Directions for this task: Copy out exactly, from the entries that follow, the line holding "De Beestenburcht 2 - Margrieten in de winter", the line holding "Dobre spotkanie obejrzeni", and all lines between them, but no pictures.

Working data:

++++++++++++++++++++

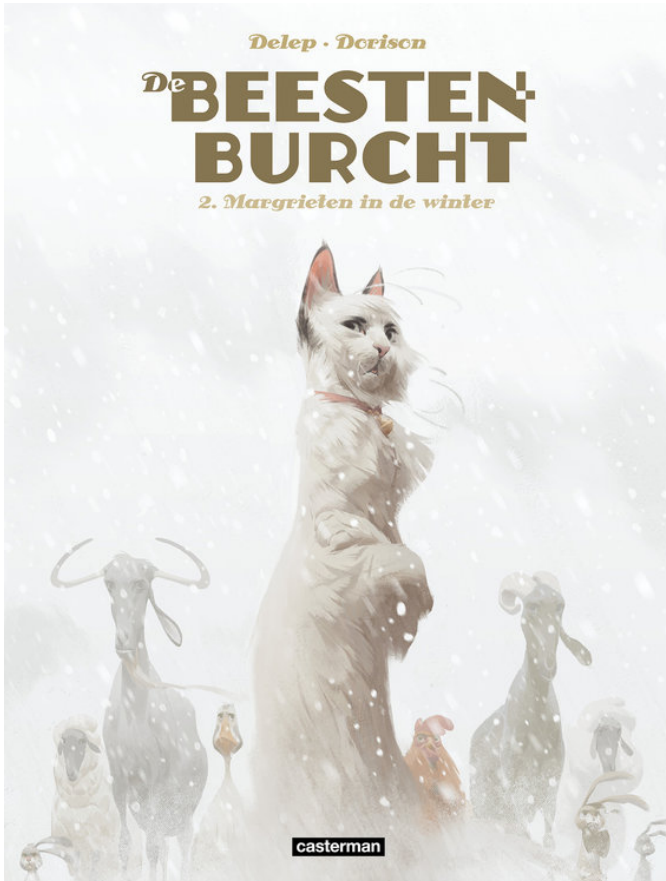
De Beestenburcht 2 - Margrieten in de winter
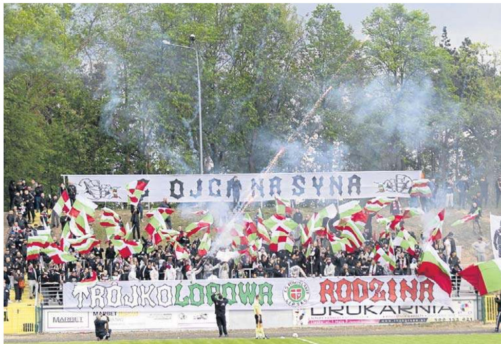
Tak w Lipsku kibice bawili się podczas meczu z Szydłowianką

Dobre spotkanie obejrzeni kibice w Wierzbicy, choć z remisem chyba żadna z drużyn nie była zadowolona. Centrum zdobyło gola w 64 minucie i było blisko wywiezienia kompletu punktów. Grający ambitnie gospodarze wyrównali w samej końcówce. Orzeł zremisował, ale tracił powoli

++++++++++++++++++++

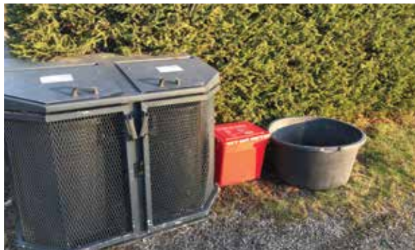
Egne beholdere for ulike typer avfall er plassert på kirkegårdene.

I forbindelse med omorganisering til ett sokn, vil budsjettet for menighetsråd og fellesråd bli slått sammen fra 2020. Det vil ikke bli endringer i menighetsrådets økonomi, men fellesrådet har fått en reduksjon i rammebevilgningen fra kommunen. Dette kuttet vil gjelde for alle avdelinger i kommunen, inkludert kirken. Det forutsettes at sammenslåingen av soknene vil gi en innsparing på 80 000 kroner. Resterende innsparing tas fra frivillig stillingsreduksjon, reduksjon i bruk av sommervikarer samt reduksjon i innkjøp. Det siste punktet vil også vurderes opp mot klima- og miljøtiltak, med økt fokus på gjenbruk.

++++++++++++++++++++

Response to this exercise:
De Beestenburcht 2 - Margrieten in de winter
Tak w Lipsku kibice bawili się podczas meczu z Szydłowianką

Dobre spotkanie obejrzeni kibice w Wierzbicy, choć z remisem chyba żadna z drużyn nie była zadowolona. Centrum zdobyło gola w 64 minucie i było blisko wywiezienia kompletu punktów. Grający ambitnie gospodarze wyrównali w samej końcówce. Orzeł zremisował, ale tracił powoli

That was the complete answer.